Exhibit A: How I Met Your Mother

This TV comedy, successful in most parts, ran for an astounding 9 seasons. Like most shows, it had its highs and lows, but essentially, it was a creative, entertaining, funny comedy with an original premise: how the main character would meet the mother of their children. So, you would expect that by the end of the run, the main character, Ted, would meet said mother and all's well that ends well, right? not so fast! there were plenty of twists and turns in that series, but you all knew they were 'false' twists, or endings. In one of the major twists of the show, Barney (Neil Patrick Harris) is set to marry....the preparations for their wedding lasts an entire season. At the end of which...they break off and get divorced (in a span of one show), the main character's supposed "mother" caught a terminal illness and died (very cheerful for a comedy), so he, Ted, could end up with...who he wanted to begin with! To wrap up: for nine seasons we had chasing the girl(s) of his dreams, just to meet someone, she dies, he ends up with his first love, Robin. I'm sorry, that's not creative writing - it's lazy writing, and in


"Cheers" is a prime example how to end a comedy series properly, on a high note. "Seinfeld" is another (although bizarrely, but that's Seinfeld). We can go all the way back to the days of "Three's Company" (if you know what that is), to see how to properly end a show. But, to set up a premise, let it run, and run, and run...and then pull it from under the audiences' feet? that's not the right way to do it. "Wiseguy" is an example of a great show that was simply allowed to have its wheels fall without a satisfactory ending.


Exhibit B: Lost

The problem with a show like "Lost" is that, after the initial success, you run out of ideas and twists. Characters "do well" with the audience, so they're kept alive, instead of the original intent. "Prison Break" suffered from a similar fate: started off with a band, then limped to the end . However, anytime you run a show for several seasons, just to end it by revealing that everyone was dead to begin with, is not only a big-time cop-out, its a massive disappointment to those who followed the show for so long. Imagine Sex & The City, for example, ending with Carrie Bradshaw moving to Queens after Mr. Big decides to leave her to become a scuba diving instructor?


Exhibit C: Jurassic World

"Life...finds a way" and, unfortunately, poor concepts find a way to get approved by studios eager to cash in on past success (*cough * Disney * cough*)

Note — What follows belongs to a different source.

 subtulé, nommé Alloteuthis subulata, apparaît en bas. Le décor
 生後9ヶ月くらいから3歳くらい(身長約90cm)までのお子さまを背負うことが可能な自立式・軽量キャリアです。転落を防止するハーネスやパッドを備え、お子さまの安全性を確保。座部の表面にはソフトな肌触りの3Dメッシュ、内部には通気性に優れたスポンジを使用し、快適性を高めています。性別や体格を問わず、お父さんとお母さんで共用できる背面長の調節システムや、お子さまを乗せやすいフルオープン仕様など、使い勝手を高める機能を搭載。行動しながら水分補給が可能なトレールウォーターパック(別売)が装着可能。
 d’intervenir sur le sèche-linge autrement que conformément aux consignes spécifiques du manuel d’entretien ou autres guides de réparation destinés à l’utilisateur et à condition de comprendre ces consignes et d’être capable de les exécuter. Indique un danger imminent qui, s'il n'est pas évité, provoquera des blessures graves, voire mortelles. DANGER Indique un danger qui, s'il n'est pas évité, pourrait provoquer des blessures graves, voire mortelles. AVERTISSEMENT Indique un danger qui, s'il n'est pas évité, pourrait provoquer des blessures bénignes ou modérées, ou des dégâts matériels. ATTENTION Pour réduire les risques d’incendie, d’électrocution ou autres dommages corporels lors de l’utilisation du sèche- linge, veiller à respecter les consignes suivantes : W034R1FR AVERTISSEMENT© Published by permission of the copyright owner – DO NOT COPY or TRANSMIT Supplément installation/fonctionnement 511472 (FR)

Jurassic Park had a number of factors contributing to making it an amazing spectacle: fantastic-looking dinosaurs; a fine cast; a witty script (based on the novel by Michael Crichton), the now-legendary music of John Williams, and of course, Steven Spielberg behind the camera.

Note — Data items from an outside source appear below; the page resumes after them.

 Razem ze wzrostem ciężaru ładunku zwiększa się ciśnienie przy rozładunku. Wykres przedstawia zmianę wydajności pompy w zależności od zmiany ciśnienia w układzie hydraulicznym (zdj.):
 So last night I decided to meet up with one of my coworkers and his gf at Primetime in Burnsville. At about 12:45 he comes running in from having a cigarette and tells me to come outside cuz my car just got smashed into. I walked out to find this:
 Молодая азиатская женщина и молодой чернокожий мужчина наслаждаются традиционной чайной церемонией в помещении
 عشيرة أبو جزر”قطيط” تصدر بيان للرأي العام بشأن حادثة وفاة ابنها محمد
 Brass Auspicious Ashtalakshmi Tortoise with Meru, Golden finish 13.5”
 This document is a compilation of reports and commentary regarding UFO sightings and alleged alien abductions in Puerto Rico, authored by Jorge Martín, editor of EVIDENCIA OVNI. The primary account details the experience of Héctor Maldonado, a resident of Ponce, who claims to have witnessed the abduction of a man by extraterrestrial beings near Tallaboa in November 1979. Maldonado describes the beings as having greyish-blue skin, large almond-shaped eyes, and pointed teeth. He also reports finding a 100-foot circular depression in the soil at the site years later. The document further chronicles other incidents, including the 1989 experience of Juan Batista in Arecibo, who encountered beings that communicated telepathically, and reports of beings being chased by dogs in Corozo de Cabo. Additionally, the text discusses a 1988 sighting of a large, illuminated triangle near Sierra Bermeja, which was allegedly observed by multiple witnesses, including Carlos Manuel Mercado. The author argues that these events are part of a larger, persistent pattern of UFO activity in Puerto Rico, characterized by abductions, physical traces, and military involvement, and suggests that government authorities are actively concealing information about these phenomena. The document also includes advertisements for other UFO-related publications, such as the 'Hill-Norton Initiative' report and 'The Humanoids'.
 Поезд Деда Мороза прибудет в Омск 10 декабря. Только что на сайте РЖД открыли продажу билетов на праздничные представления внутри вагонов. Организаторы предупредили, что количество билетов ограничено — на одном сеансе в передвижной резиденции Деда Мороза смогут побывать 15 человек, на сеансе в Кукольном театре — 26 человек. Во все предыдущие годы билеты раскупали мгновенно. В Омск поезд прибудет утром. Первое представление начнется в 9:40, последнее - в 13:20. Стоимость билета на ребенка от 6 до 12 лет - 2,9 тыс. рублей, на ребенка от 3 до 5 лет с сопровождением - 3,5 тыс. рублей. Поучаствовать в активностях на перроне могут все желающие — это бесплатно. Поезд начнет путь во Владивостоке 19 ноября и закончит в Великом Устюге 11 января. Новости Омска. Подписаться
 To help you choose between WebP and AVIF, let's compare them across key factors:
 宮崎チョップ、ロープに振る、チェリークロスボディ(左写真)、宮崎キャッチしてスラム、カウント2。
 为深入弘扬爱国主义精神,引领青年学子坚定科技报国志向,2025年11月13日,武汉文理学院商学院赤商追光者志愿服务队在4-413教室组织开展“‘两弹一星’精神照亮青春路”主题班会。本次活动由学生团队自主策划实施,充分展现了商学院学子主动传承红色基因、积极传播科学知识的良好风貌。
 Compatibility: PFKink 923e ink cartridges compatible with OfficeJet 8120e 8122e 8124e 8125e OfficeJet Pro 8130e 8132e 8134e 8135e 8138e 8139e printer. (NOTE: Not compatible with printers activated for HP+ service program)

Now, there is the saying "going to the well once to often." In the case of Jurassic World (and its sequel, Fallen Kingdom) this holds true in a number of ways. There's not even a drop of water left in the well. They bring in a "venerable, wise old man" named Lockwood (James Cromwell) who was supposed to be John Hammond's partner. And something about the two of them doing it "for the animals." Is that the best they could do? Hammond (in the book more so than the movie) was more concerned about profit, and he was not that different than the main villains in this movie.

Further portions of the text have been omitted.